**SOURCE MATERIAL**:
[Start of section]

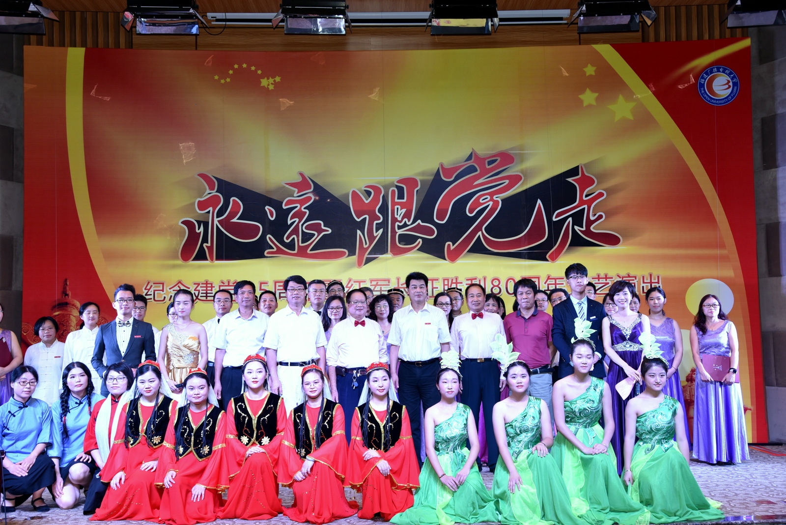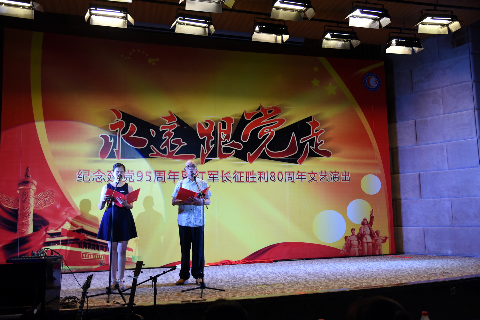 鲜红的党旗,来自星星之火;神圣的党徽,历经血雨腥风。为庆祝中国共产党成立95周年,学校在桂山校区隆重举行“永远跟党走”庆祝建党95周年暨长征胜利80周年文艺演出。校领导马国防、吴国荣、陈展虹、王幼新,各部门负责人,优秀党员、优秀党务工作者代表,以及教职工和学生代表共计200人观看了演出。
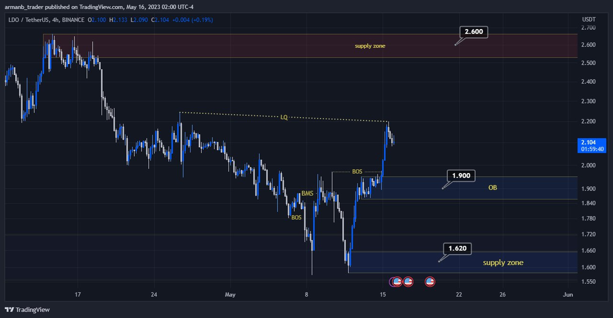 در صورت اصلاح نزولی ، در دو محدوده حمایتی 1.9 و 1.6 دلار باید منتظر دیدن تریگر بود برای گرفتن پوزیشن Buy ، مقاومت قیمت هم در چارت مشخص میباشد
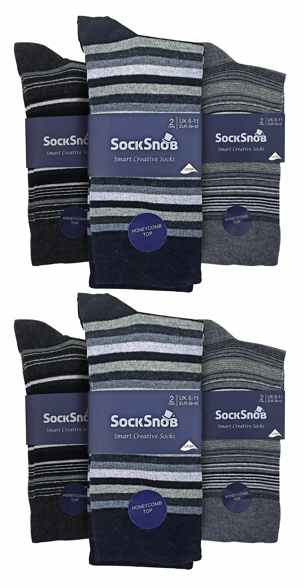 12 Pair Value Pack Men’s Sock Snob Premier Collection Cotton SocksWhen you buy these 12 pack pair of socks from Sock Snob Branded, you get value for money as well as quality at an affordable price point without compromising on comfort or style!Men’s patterned dress socks are a must-have for every man. They’re great for any occasion and they come in 7 different styles/colours.These socks are super soft and very comfortable to wear. The honeycomb top enhances comfort while the flat toe seam helps prevent abrasion caused by friction against your feet while walking or running around all day long.They’re made from 80% cotton to ensure that you get the most comfort out of them. They have flat toe seams to ensure durability and are machine washable so you can keep them clean even after long wear. The high moisture wicking abilities and temperature control will keep your feet warm in the winter and cool in the summer.There are 7 modern styles to choose between, 5 striped styles named after iconic cities with an additional 2 styles in plain Black & Black, Navy & Grey. They are made from: 80% Cotton 10% Nylon 7% Polyester 3% Lycra and are machine washable.Extra Product DetailsMen’s Patterned Dress SocksSock Snob BrandedSuper Soft CottonGreat Socks For Any OccasionHoneycomb Top To Enhance Comfort7 Style/Colour OptionsGreat Value For MoneyMen’s One Size: 6-11 UK80% Cotton 10% Nylon 7% Polyester 3% LycraFlat Toe SeamMachine Washable
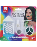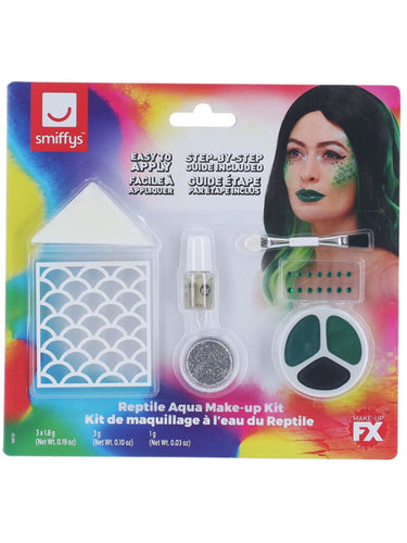This Reptile Aqua Make-Up Kit includes black, dark green, and light green shades for a fierce and funky look. With a stencil that mimics scales, glitter for an extra sparkle, and a brush applicator for easy application, this kit has everything you need to unleash your wild side.

[End of section]

**PROMPT**: Pictures should not appear; only the lines from the start of the listing above to the line containing "در صورت اصلاح", both ends included, are to be repeated exactly.

**EXERCISE ANSWER**:
 鲜红的党旗,来自星星之火;神圣的党徽,历经血雨腥风。为庆祝中国共产党成立95周年,学校在桂山校区隆重举行“永远跟党走”庆祝建党95周年暨长征胜利80周年文艺演出。校领导马国防、吴国荣、陈展虹、王幼新,各部门负责人,优秀党员、优秀党务工作者代表,以及教职工和学生代表共计200人观看了演出。
 در صورت اصلاح نزولی ، در دو محدوده حمایتی 1.9 و 1.6 دلار باید منتظر دیدن تریگر بود برای گرفتن پوزیشن Buy ، مقاومت قیمت هم در چارت مشخص میباشد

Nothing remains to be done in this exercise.